MONDAY MOURNING
Another Monday. Yep. Here’s a Monday Mourning story to ease the introduction of another week:
Welp, It’s been a doozy of a week. I concur with your statement about how long this week feels. Here is why:
1) An incoming student had to cancel his initial visit after being SHOT IN THE FOOT.
2) I received an essay that said the following “My mother never really understood me. She only saw the black and white and never saw the FIFTY SHADES OF GRAY IN BETWEEN”.
3) Boss decided to redistribute some of my students to the newbie. This isn’t Bain Capital, I BUILT THIS!
4) Oh yeah, I have to work next Sunday, thanks for telling us the week of. It’s not like Admission counselors have lives or anything.
This list of misfortunes has all the warning signs of worst. Monday. EVER. Let’s address each of these individually:
1) Is your incoming student Cheddar Bob? That’s the only person we’ve ever known who shoots himself in the foot. So, if your student is Cheddar Bob, you already have your hands full, let alone dealing with the fact that he has a busted foot.

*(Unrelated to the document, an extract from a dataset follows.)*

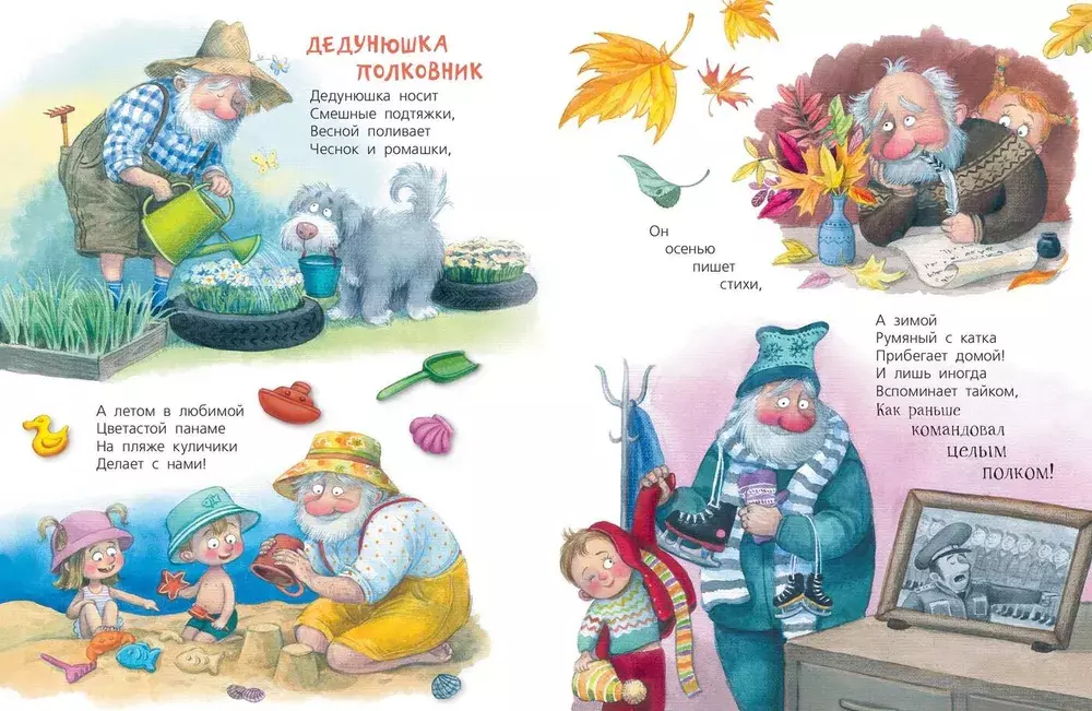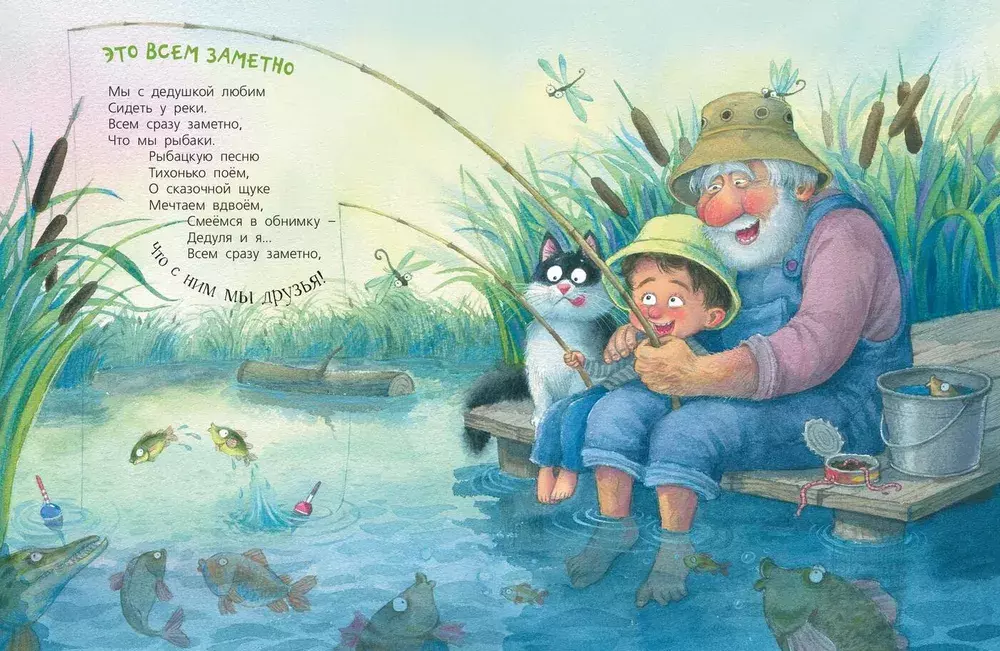 Когда речь заходит о дедушках, внуков не удержать – они весело тянут руки, нетерпеливо подпрыгивают, перебивают друг друга: «Я расскажу про дедушку!», «И я расскажу!», «А можно я тоже!» Какие весёлые, трогательные, по-детски радостные, а иногда даже сказочные получаются истории! Наталья Карпова превратила эти истории в стихи, и получилась целая книжка про самых лучших на свете дедушек. А веселые и красочные иллюстрации к ней создала Любовь-Ерёмина Ношин.

If you don’t know who Cheddar Bob is, shame on you. But here’s a reminder:

2) An essay that references Fifty Shades of Gray. That’s original this year. We guess as long as they don’t take it one step further…
My mother, in her misunderstanding of who I was, had been feeling bound, gagged and chained in my life. I was left feeling whipped by her unloving attitude. Oh, and she never respected my “sex”.
3) SERIOUSLY. WE FEEL YOU ON THIS ONE. The best thing to do is be as passive-aggressive as possible with the newbie that took your territory (even though it’s not really their fault). Here are things to do to make your point:
* Remind the new rep about how much all the guidance counselors in your territory adore you. Ask the the new rep to hand deliver hello notes to guidance counselors for you. Ask then new rep to remind counselors how much you miss them.
* Constantly ask for updates on prospective students in the territory. Act as if you have a personal relationship with each and every student. Make up facts if you need to.
* In the spring, when students choose other colleges, say “Well, that one was a done deal last year… I wonder what happened….”. Shrug shoulders and walk away.
That’ll at least get you started.
4) Other duties as assigned, bro. This is also why we’re all salaried. THEY OWN US. No joke. Still sucks though. Hang in there.